First Battle for Cassino, Italy.
The Allies had conceived a bold plan for an enveloping pincer movement against the German Winter Line in the area better known as the Gustav Line to open the routes to Rome, some 40 miles to the north along Highways 6 and 7. It would consist of a direct assault against the Gustav Line combined with a left-hook amphibious assault against Anzio, all performed by the US Fifth Army commanded by General Mark Clark. His US VI Corps would attack Anzio.

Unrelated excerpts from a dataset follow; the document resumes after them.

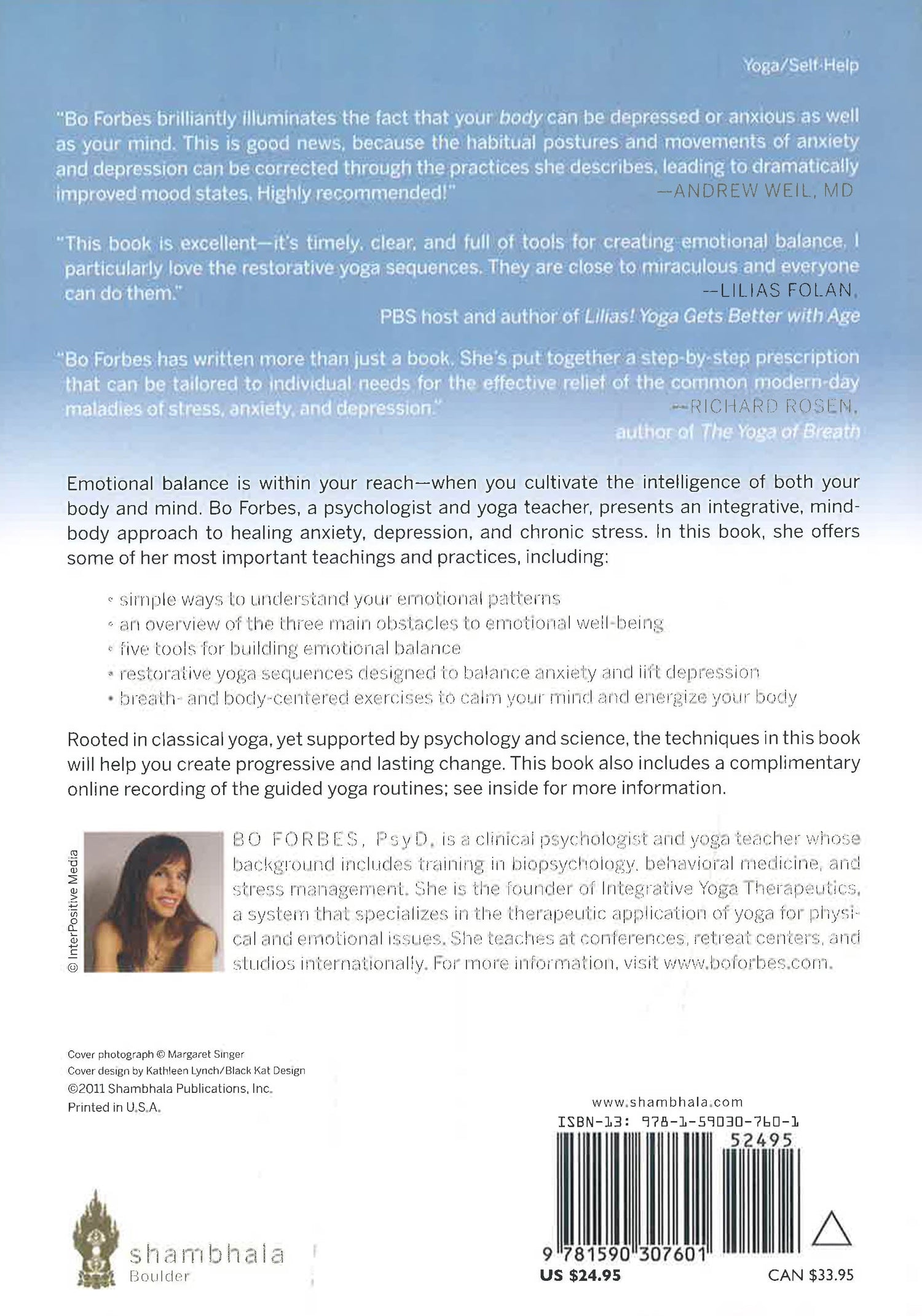 Bo Forbes, a psychologist and yoga teacher, offers some of her most important teachings and practices, including:
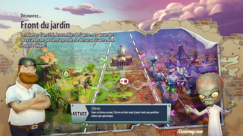 Depuis le front du jardin il vous revient d’organiser la reconquête de la région et de contrecarrer les plans hégémoniques du docteur Zomboss. Mais vous êtes aussi libre de rejoindre le camp des zombies pour en finir définitivement avec les plantes.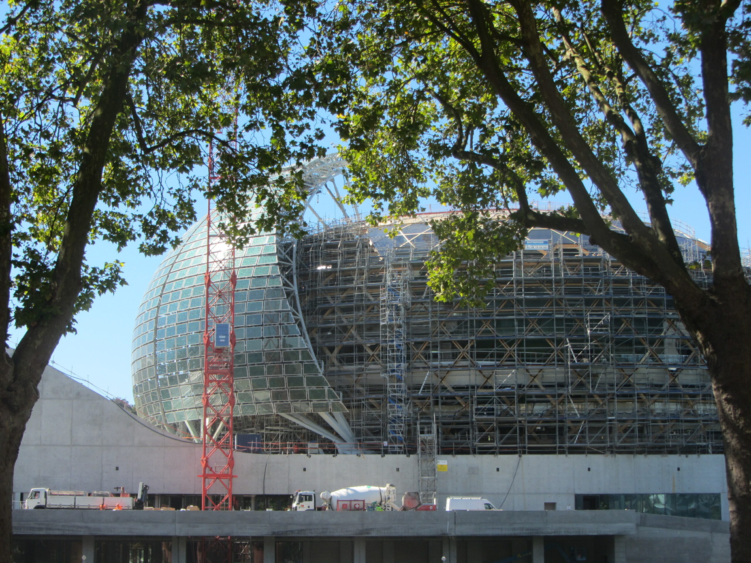 Les premiers éléments de la Voile solaire de l’auditorium ont été mis en place. Son architecture et ses courbes se mélangent sur la pointe aval de l’île Seguin et répond parfaitement à la beauté du lieu. Elle semble surgir et flotter sur un miroir d’eau. Sa grande voile est revêtue de plus de 1000 m² de panneaux solaires photovoltaïques, qui suivront la course du soleil autour de l’auditorium. En balcon sur la Seine, le site deviendra également un lieu de promenade ouvert à tous. Sur la toiture de la grande salle, la charpente métallique se termine et le jardin prend forme. Les fosses d’arbres ont été coulées et accueilleront des arbres de grande envergure d’espèce différente. An niveau du parvis, 32 vitrages de la porte monumentale ont été posés. Cet exemplaire unique au monde de 11 m de large, 10,50 de haut et pesant près de 5 tonnes fonctionnera grâce à une centrale hydraulique, la pose de la structure porteuse de l’écran est en cours.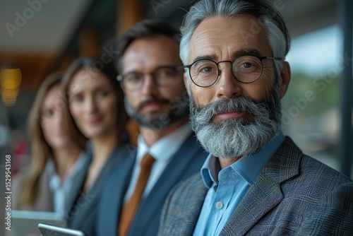 A confident group of business professionals stands together, radiating leadership and collaboration in a sleek modern office setting, emphasizing teamwork and strategic planning.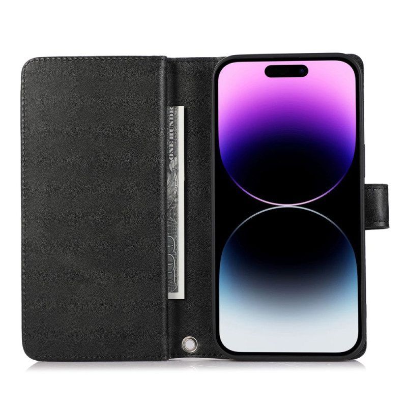 Schützen Sie Ihr Gesamtes Iphone 15 Plus Mit Dieser Spaltlederhülle Mit Mehreren Karten, Vordertasche Und Riemen.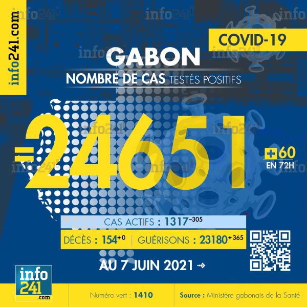 Ce qui porte le bilan à 24 651 cas confirmés, 154 décès et 23 180 guérisons. Le Gabon compte actuellement 1 317(-305) cas actifs de la pandémie officiellement déclarés. Parmi eux 37(+1) patients hospitalisés dans le pays dont 17(-0) en réanimation.
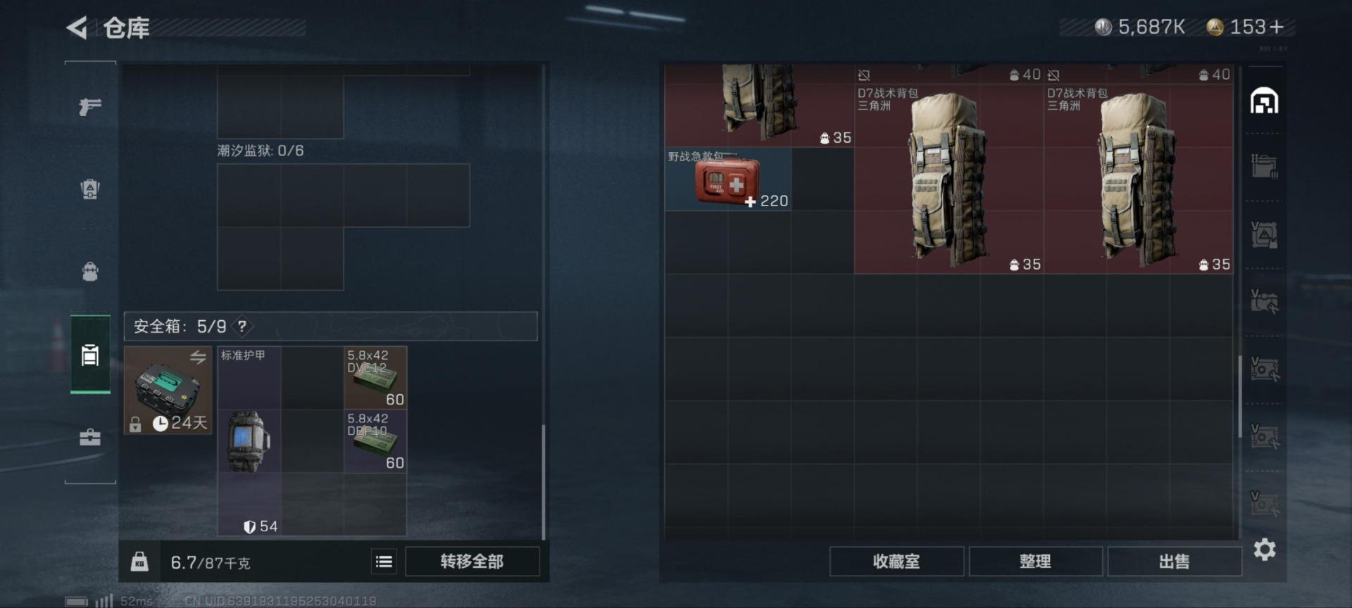 - [11688475]总资产:147.9M 3传说枪械 哈夫币:50.820K 进阶安全箱(2×2)9.15号到期 可二次 可修改实名 烽火地带段位:黄金 全面战场段位:无段位 传说武器皮肤:CAR-15突击步枪-阿米娅,勇士冲锋枪-能天使-午夜邮差,复合弓-黑-天际线 史诗武器皮肤:AKM突击步枪-林中猎手,M1014霰弹枪-林中猎手,SV-98狙击步枪-林中猎手,沙漠之鹰-曙光,SVD狙击步枪-阿萨拉工艺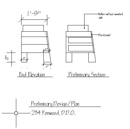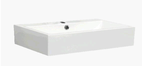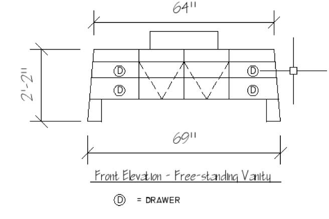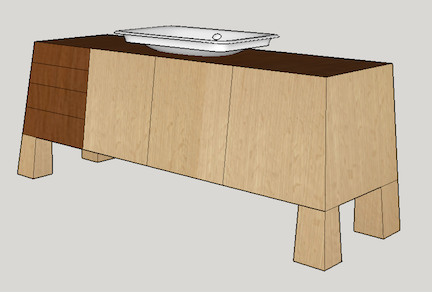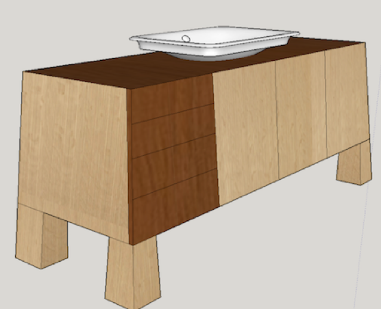 The vanity - sliced angular form with the trough sink (white) resting on its surface.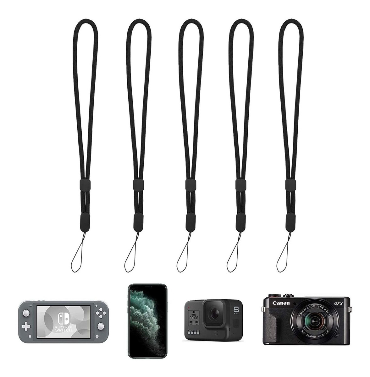 Amplia Aplicación: Las Correas de muñeca Hukado se ajustan Perfectamente un iPhone, Samsung, Teléfonos Móviles, Camara, linterna, llavero, Controlador USB y Mas Dispositivos Portátiles .; Alta Calidad: Las Correas de muñeca Hukado ESTÁN Hechas de nailon Duradero, lo Suficientemente fuerte para USAR en any Lugar .; Botón Móvil: Correas de mano con Botón Móvil Duradero, fijan Más TAMAÑOS SEGÚN necesites .; Portátil: peso ligero y Fácil de Conectar, Lo Que PUEDE mantener tus Objetos pequeños Seguros y a mano .; Tamaño Largo: LA LONGITUD ES totales de 9,5 y en la correa de mano de 6,5 pulg. Tamaño: Paquete de 5 | Color: Negro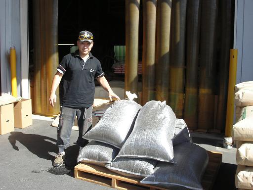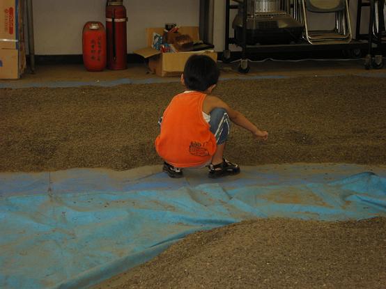 大量に残った200kgのヒマワリの種と淳郎(千代川村の搾油所にて)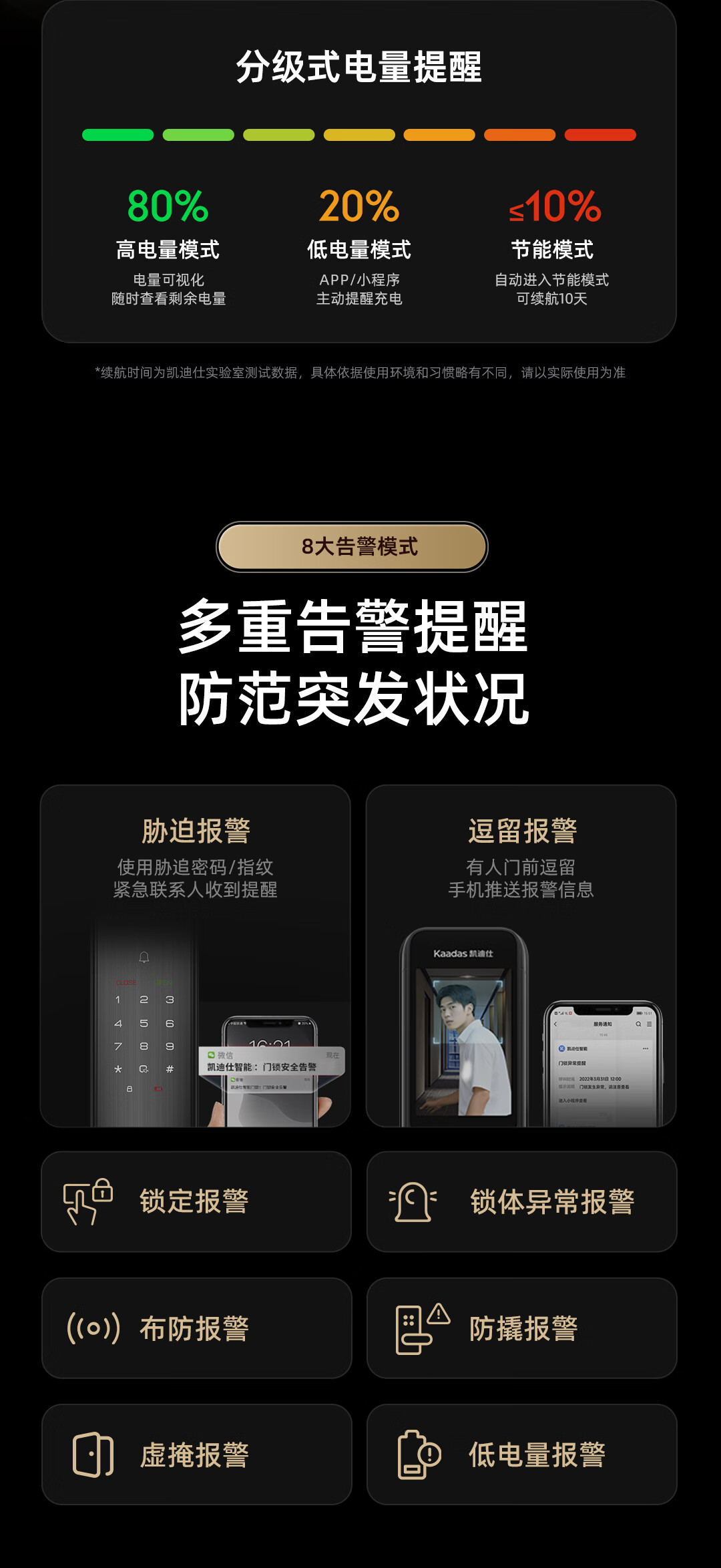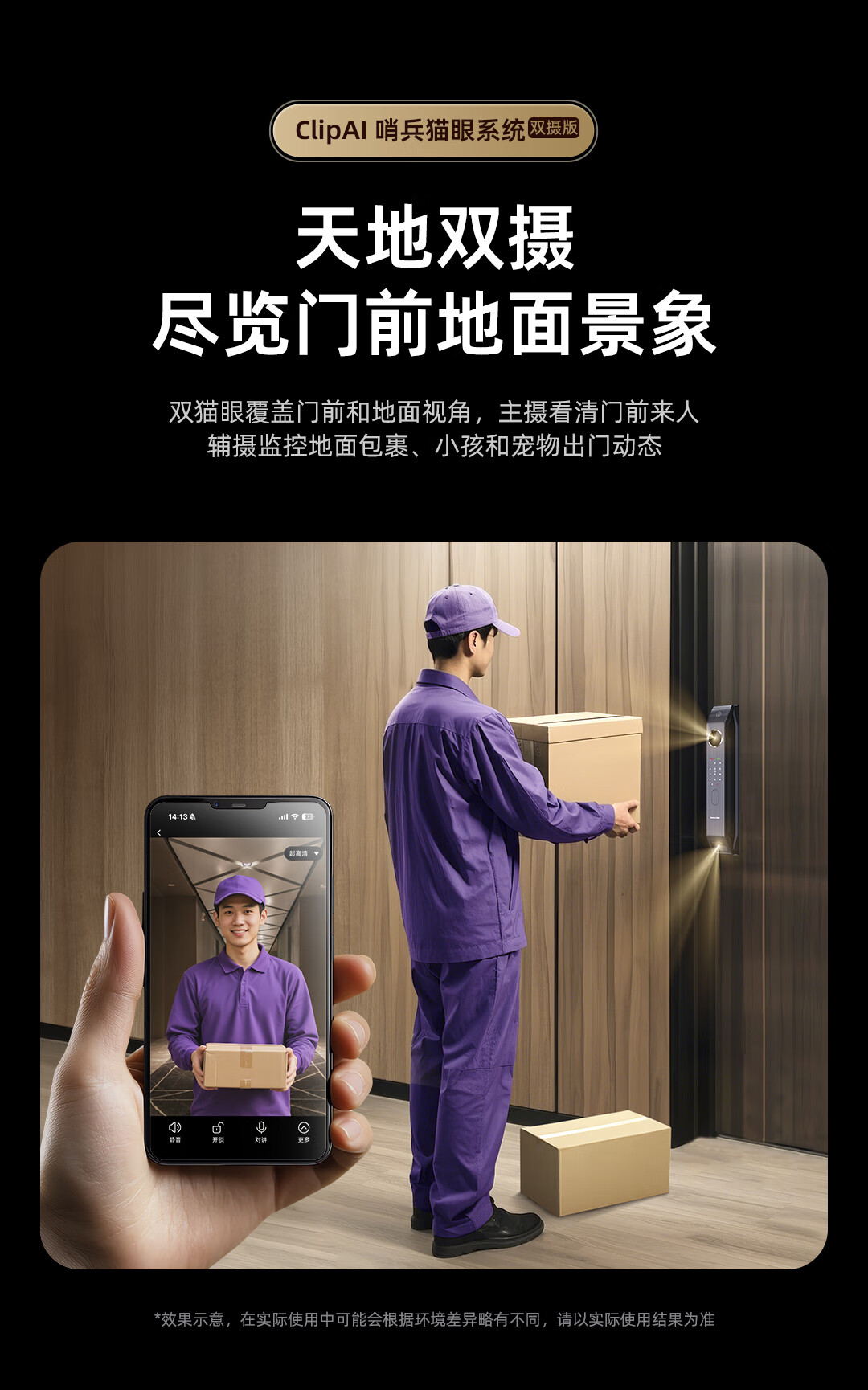 凯迪仕(kaadas)智能门锁人脸识别猫眼监控可视大屏指静脉智能锁P11ZF Pro双摄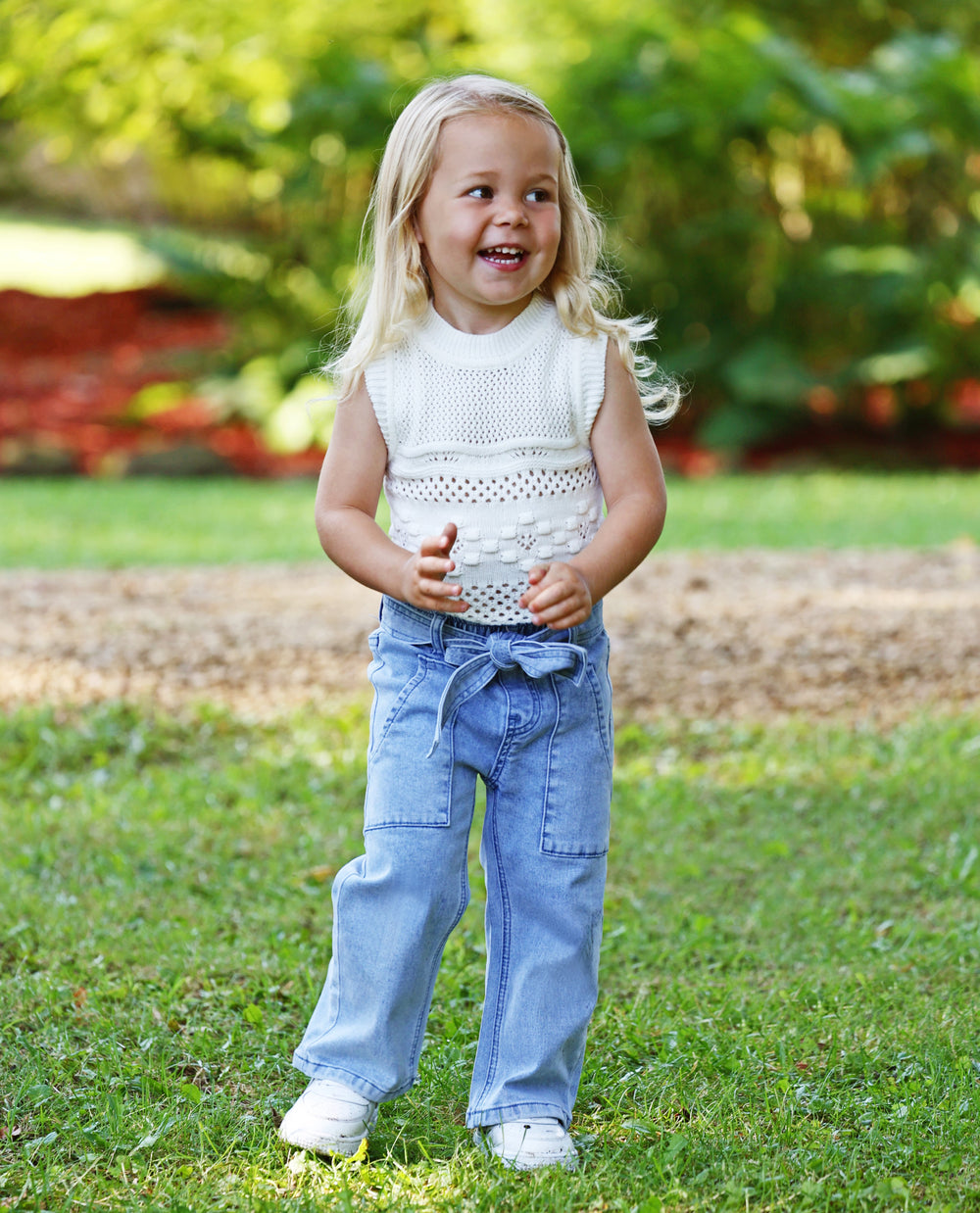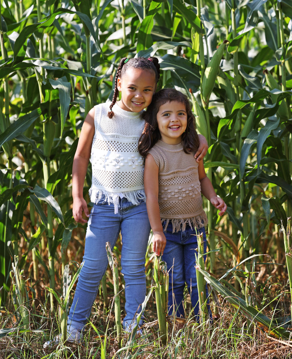 Add a touch of boho charm to your child's wardrobe with our Calypso Top. Perfect for any season, this adorable top features intricate crochet patterns and playful fringe detailing.

General Mark Clark began his advance against the Gustav Line in the Monte Cassino sector and launched the British X Corps, in blizzard conditions, towards the River Garigliano on 17 January 1944. The British soon established a bridgehead of some two miles depth but attempts to capture the high ground at Monte Maio failed and the attack then ground to a halt.
Further north, the main central thrust by the US II Corps was launched on 20 January against the River Rapido. Elements of the US 36th Division were unable to hold a bridgehead and after two days it fell back. The US 34th Division further north succeeded but were forced back having advanced to within several hundred metres of Monte Cassino. Further north again, the third corps in Clark's Army, the French Expeditionary Corps, which included the 3rd Algerian Infantry Division and the 2nd Morrocan Infantry Division, advanced but it too failed to achieve a breakthrough of the German's Gustav Line.
The offensive was abandoned on 11 February and was to be the first of four terrible battles for Monte Cassino.